### Data listing
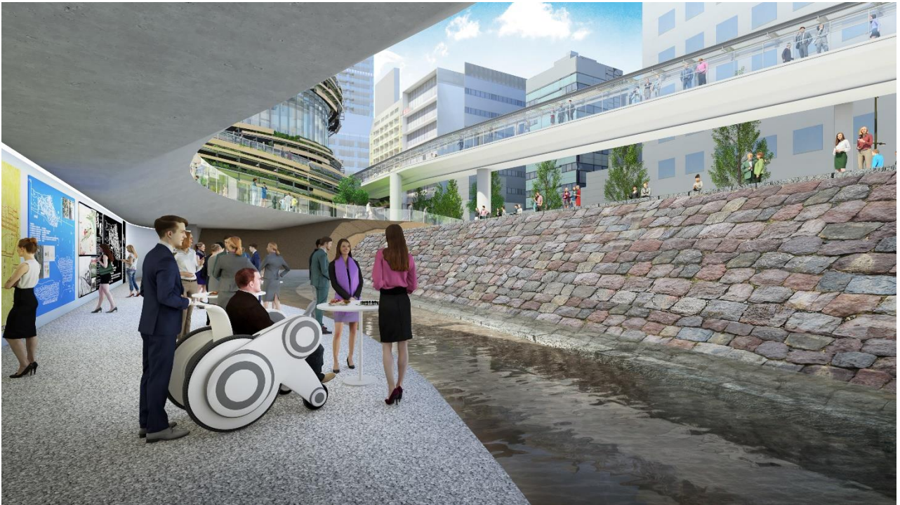
公園地下から高輪築堤跡を眺めるイメージ
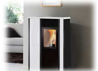
ペレットストーブ ドイツ製
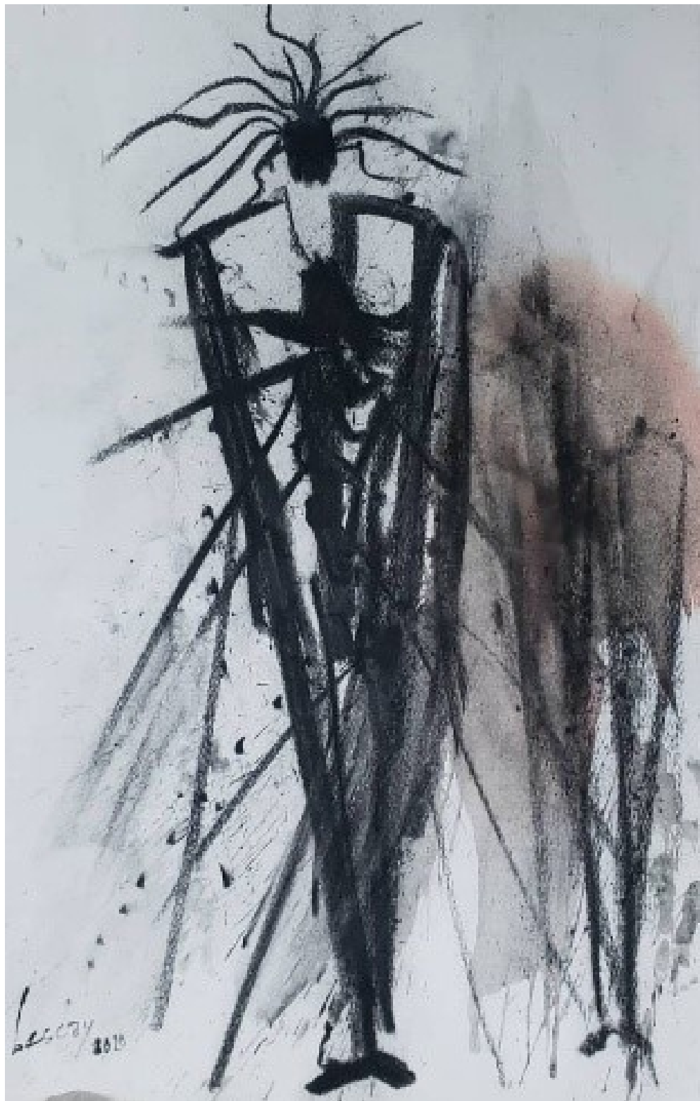
Paisaje Interior pintura, 2020 técnica mixta sobre cartulina 50 x 35 cm
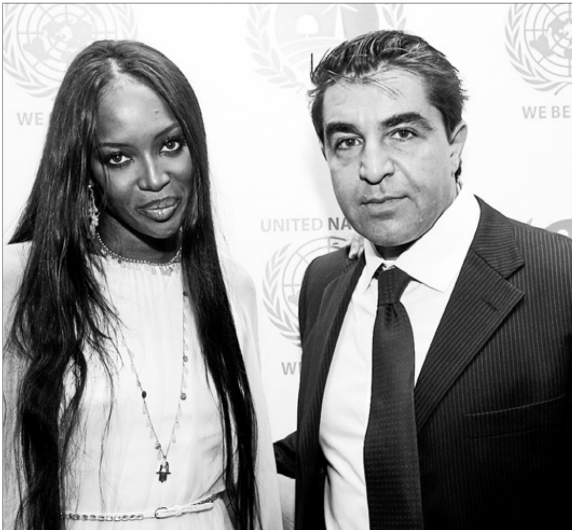
La top model Naomi Campbell con Zampolli en un acto de Naciones Unidas
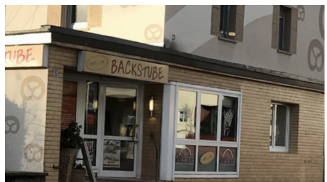
Negativ: Schaufenster berücksichtigt nicht die Gliederung der Fassade
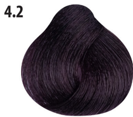
4.2 Irisée bruin Orta kahve lila Châtain irisée Irisée brown MITTELBRAUN VIOLETT
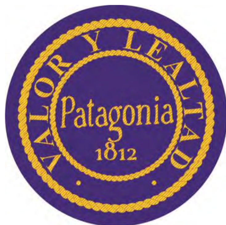
Fig. 13. Patagonia

Teniendo noticia igualmente de un proyecto de ley para otro de constancia en Panamá (1814).
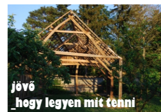
jövő hogyan legyen mit tenni
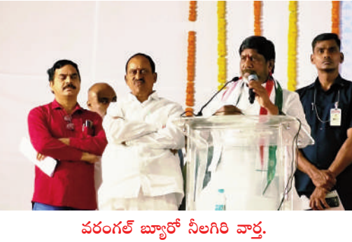
వరంగల్ జ్యూరీ సీలగిరి వార్త.
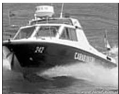
La motovedetta che ha tratto in salvo i velisti

CERVIA. Attimi di panico sabato pomeriggio al largo della costa. Si è reso infatti necessario l'intervento della motovedetta dei carabinieri della stazione di Milano Marittima per salvare due ragazzi che si
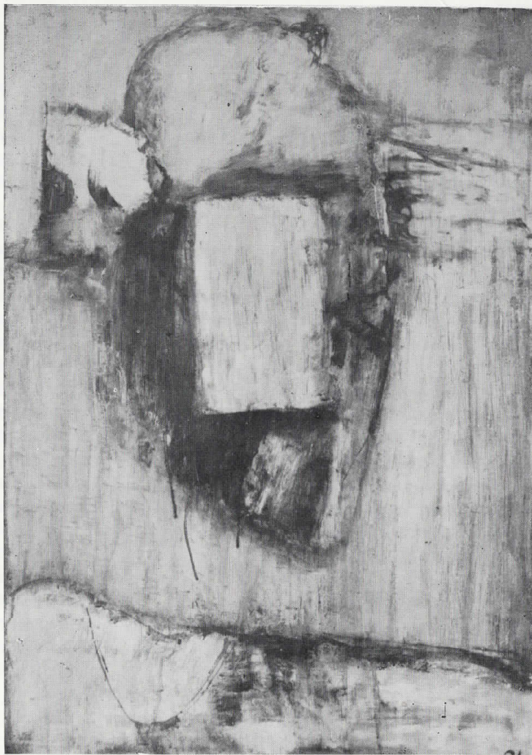
ПРИБЛИЖУВАЊЕ КОН ИЗВОРОТ НА СВЕТЛОСТА
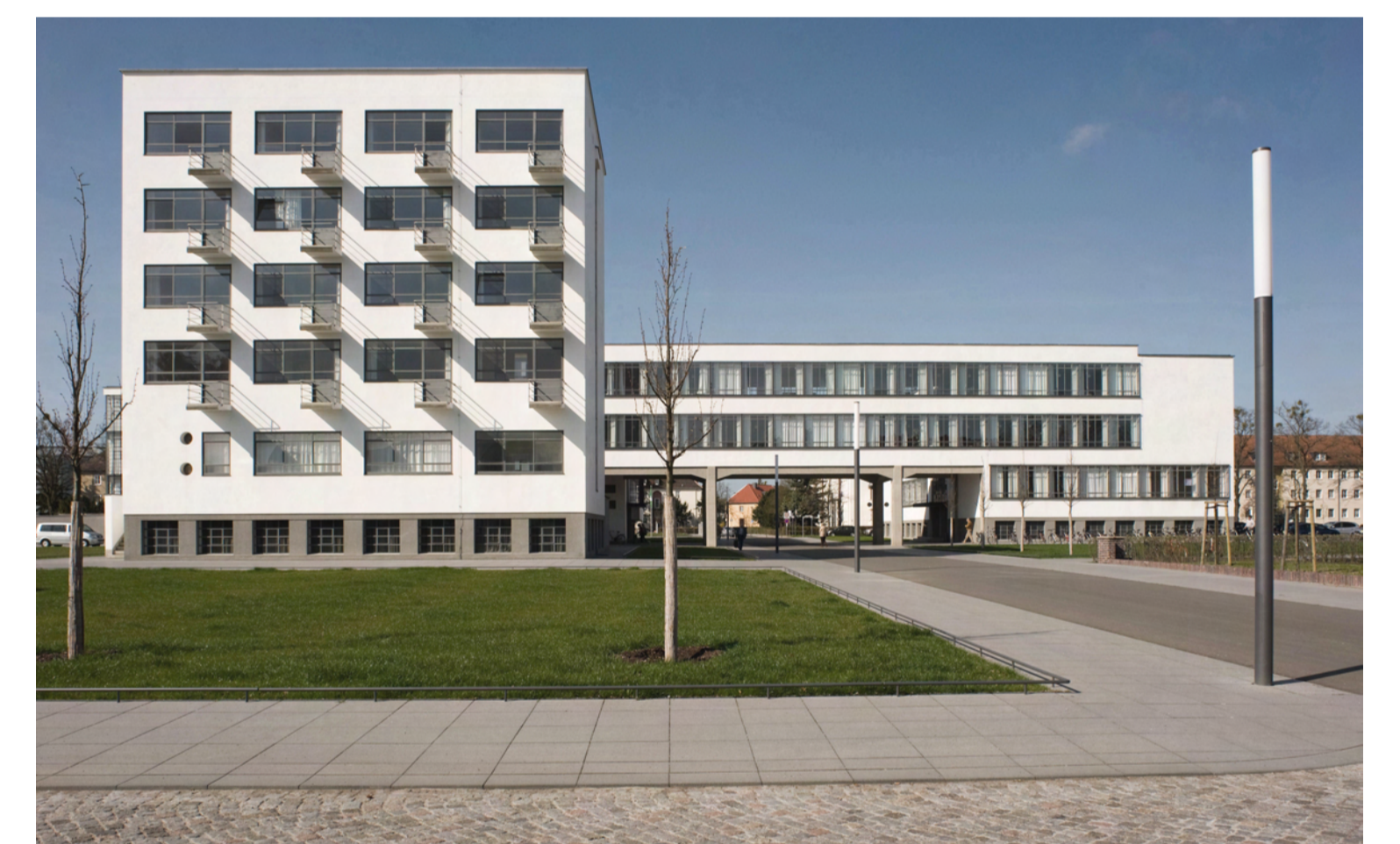
Ansicht Bauhaus von Westen

### Exercise
Only one stretch of the listing above is to be duplicated: the lines from the one containing "Teniendo noticia igualmente" through the one containing "La motovedetta che", both included. Copy them exactly, minus the pictures.

### The completed task
Teniendo noticia igualmente de un proyecto de ley para otro de constancia en Panamá (1814).
jövő hogyan legyen mit tenni
వరంగల్ జ్యూరీ సీలగిరి వార్త.
La motovedetta che ha tratto in salvo i velisti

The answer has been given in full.